Software development, security and privacy by design.
If your organization does any software development or has systems built for it, or consumes SAAS solutions that are hosted, you need to consider the security of the software powering those systems.
Software systems are layered, they run on hardware located in data centers, on servers with operating systems and 3rd party integrated tools, they use database software to store information, they have server side and client-side functionality. They are super complex and security in these environments needs to be fully understood and wherever weaknesses and risk are identified these need to be mitigated.
This is a huge subject and books have been written about it. A quick entry point to understand more is to look at the OWASP top 10. OWASP (Open Web Application Security Project) is a non-profit that works to improve the security of software. Their mission is “No more insecure software”.
Their top 10 security risks for 2021 were:
- Broken access control.
- Cryptographic failures.
- Insecure design.
- Security misconfiguration.
- Vulnerable and outdated components.
- Identification and authentication failures.

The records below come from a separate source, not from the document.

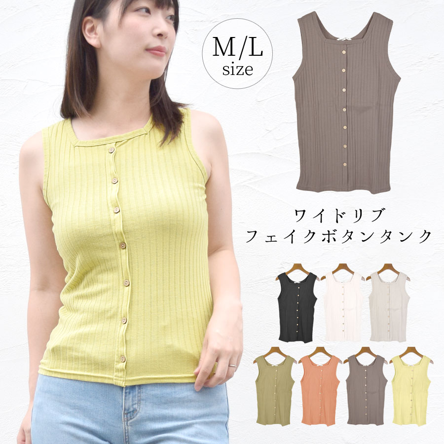 タンクトップ スクエアネック 前ボタン ノースリーブ リブ レディース トップス フェイクボタン 【送料pt100】
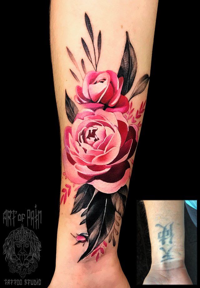 Татуировка женская реализм на предплечье роза кавер 2484
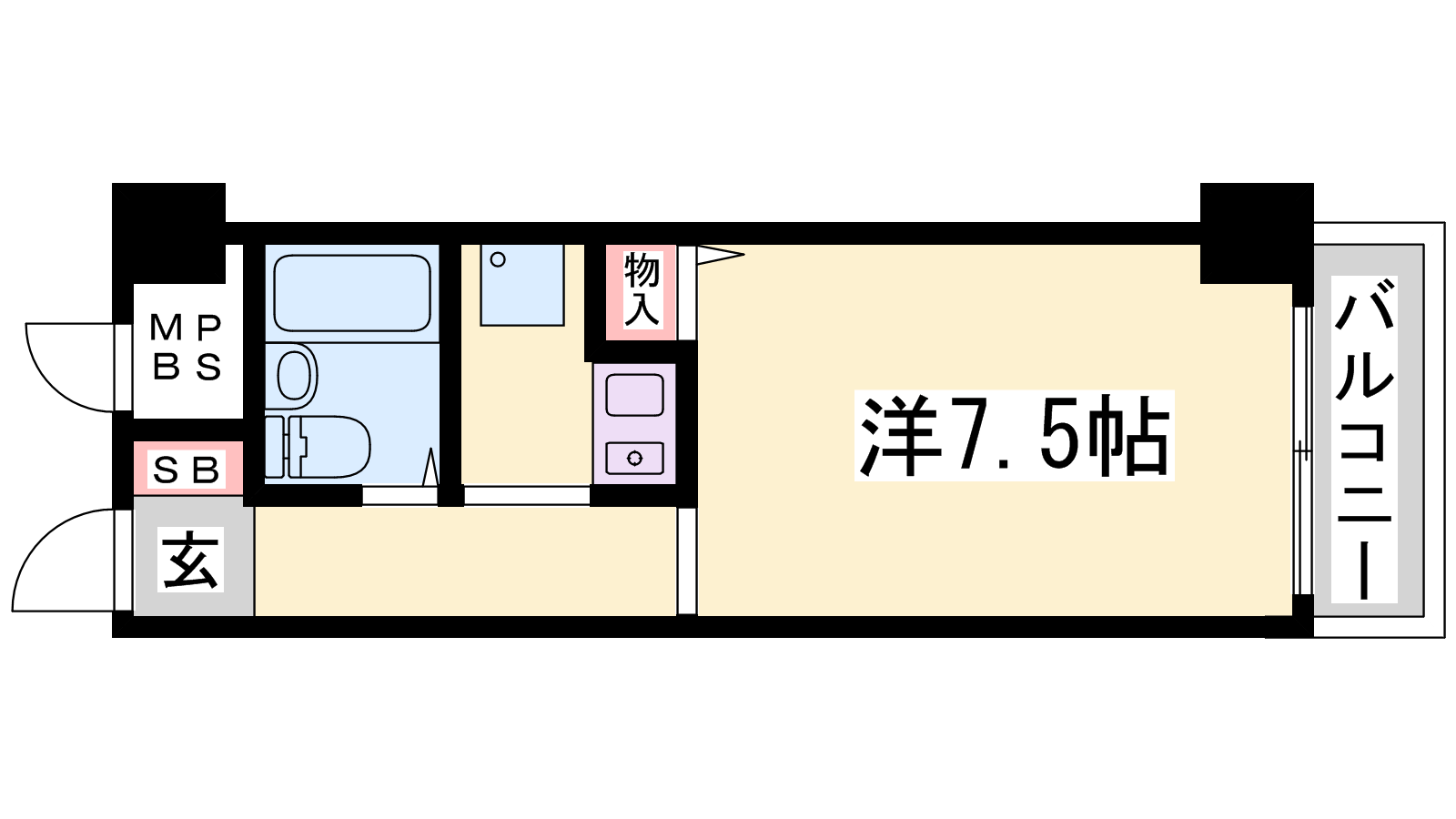 - K2帖、洋室7.5帖
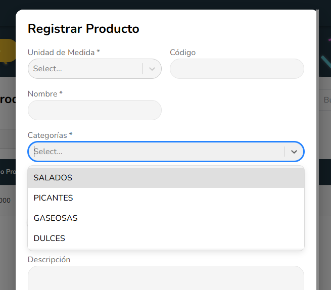 Una vez que se completa el registro de la categoría, esta pasa a estar disponible en el módulo de Productos , lo que permite asignarla directamente al crear un nuevo producto como se puede visualizar en la siguiente imagen

- Software and data integrity failures.
- Security logging and monitoring failures.
- Server side forgery.
It is a lot to think about and a lot to deal with. Most organisations want to have a more robust security stance, but do not know how to go about it. The skills available are also in very high demand, there are over 3,500,000 open cyber security jobs worldwide.
How to get started is to go through all the areas discussed here and implement the required solutions, it can be incremental, it can be in stages, it can be budgeted for over time, but BEGIN.